These days we pre-pay minutes by plugging our phone numbers into a credit card processing type of widget at our local convenience store. But it used to be that we needed to buy phone cards and so we’d head to the shops festooned with hand-painted lists of phone numbers. My preferred shop was not much more than a hole in the wall, its assortment of local & international (IP) phone cards displayed in a glass case, out front, on the sidewalk. The phone cards listed long strings of numbers, all of which had to be entered into the phone, with various press 1’s & press 2’s, instructions all in chinese. I relied heavily on the kindness of the phone card seller to get me thru this task; while he plugged away on my phone, I pondered the aesthetics of the painted lists.
Across the street from my shop was another, also covered in phone number paintings and a street or two further away was “phone number street,” its every facade bedecked in phone number paintings: long lists of cell phone numbers, the occasional number crossed out or checked, always drawn by brush in red paint with blue, sometimes black, embellishment, always arranged schematically in rows & columns in accordance with some established convention.
Besides phone card sales, the business of these shops was a bit of a mystery to me. Why you would buy your phone number there rather than at one of the two phone companies, I didn’t know. Why were only one or two numbers crossed out or checked? Who actually knew what those few marks recorded: the signs never changed over time, no additional checks or crossings out from one visit to the next. And why would you make 150 0085 8588 your entryway number? (Though, admittedly, it's rather magical with its rhymes & symmetries.)
I never thought to ask; I just worked up an explanation to suit myself. Tying the Chinese penchant for numerology to the signs’ wealth of auspicious 8's & 9’s & 5’s and dearth of foreboding 4’s - go ahead, count ‘em - I concluded that they must be… Auspicious Phone Numbers! Since I never asked, no one told me different: Auspicious Phone Number Paintings they were & shall remain. Sometimes the imaginative flight is so much more satisfying than the plain truth.
I studied the patterns & the scripts endlessly, admired the fluidity of the vernacular Jasper Johns’ brushwork, pondered their organizational systems. The signs as paintings were a wonder to me, each individual sign on the verge of revealing something of its painter’s character. But what really sent me was what the paintings did to disorient the spaces they occupied. A different artist than me, one of greater energy & audacity perhaps, might have dismantled the best display (the one where they also made keys?) & simply re-installed it somewhere to great acclaim.
Alas, not being that artist, I, instead, shrunk those spaces into the drawers of the cabinet. And then later, expanded them again, into glass vitrines. By virtue of which mimicry, I came to admire the signmakers yet more.

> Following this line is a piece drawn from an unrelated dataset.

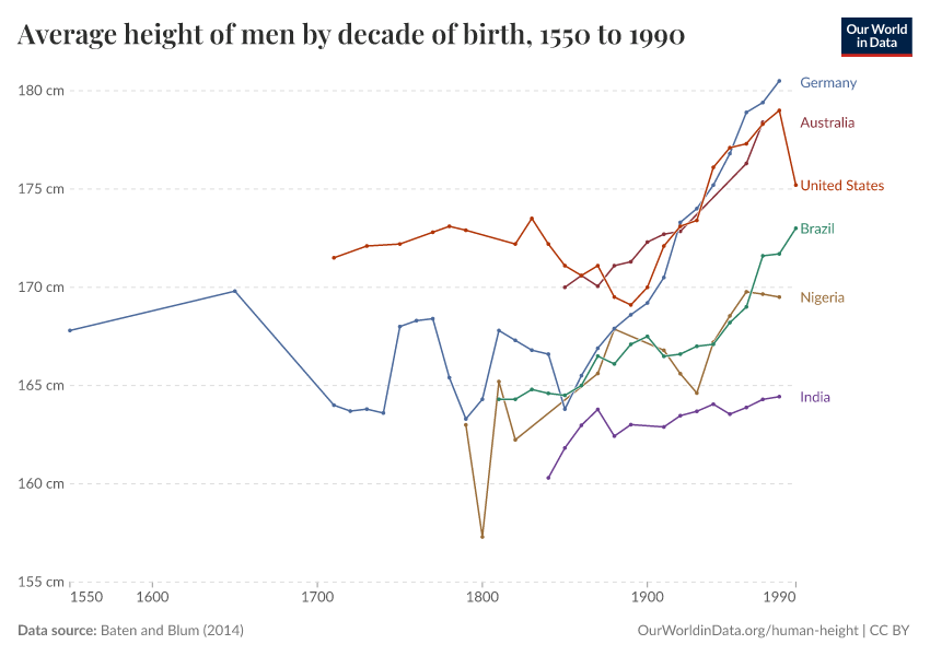 Average Height Of Men By Year Of Birth Our World In Data
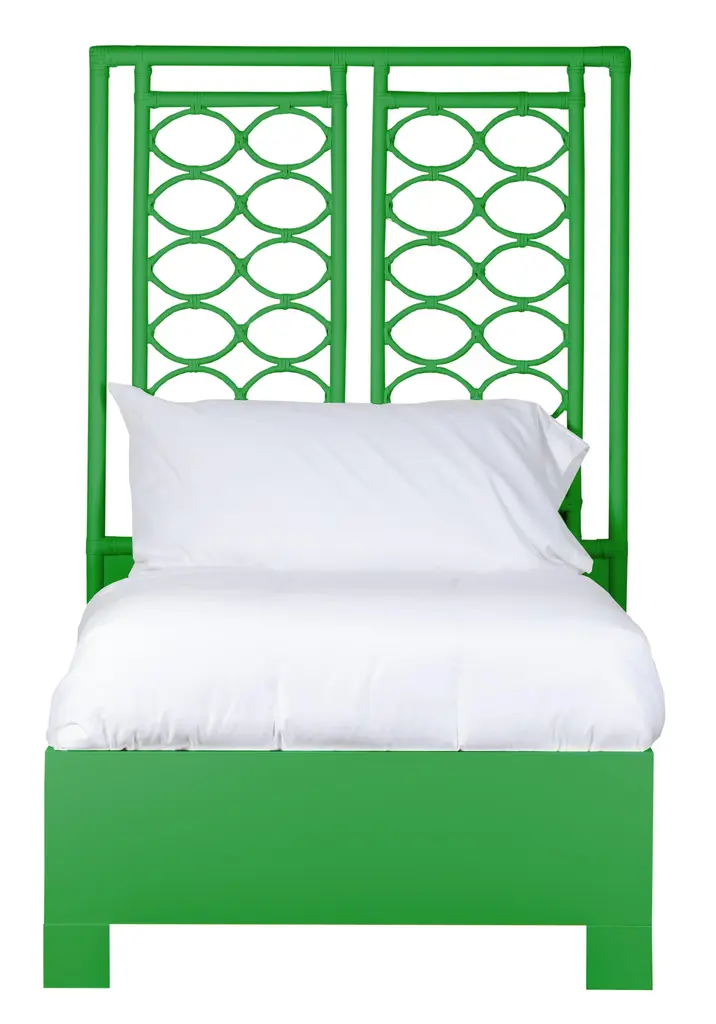 A timeless design, this classically styled bed features a Rattan headboard with a Maple Bed Frame. The Rattan headboard is hand-wrapped with Rawhide Bindings to add a beautiful contrast and strength. The Maple Bed Frame, which accepts a box spring and mattress, is built in the USA. The Rattan headboard easily attaches to the Bed Frame. Each bed is custom made and finished to order. This bed is an artistic centerpiece and will make a statement in any bedroom.

"The View in Fragments: Auspicious Numbers" Cardboard, milk paint, glass vitrine, 13.5 x 14.25 x 9" Collection of M-Restaurant Group, Shanghai. On view at Glam, Shanghai. * |
The newly arrived often say to me how much change I must have seen in SH in my time here. Now I get the dazed look that I saw on the faces of the “old china hands" to whom I had made the comment on my arrival. The changes have been huge, of course, but also, so continuous, so incremental that one can be hard pressed to quantify them.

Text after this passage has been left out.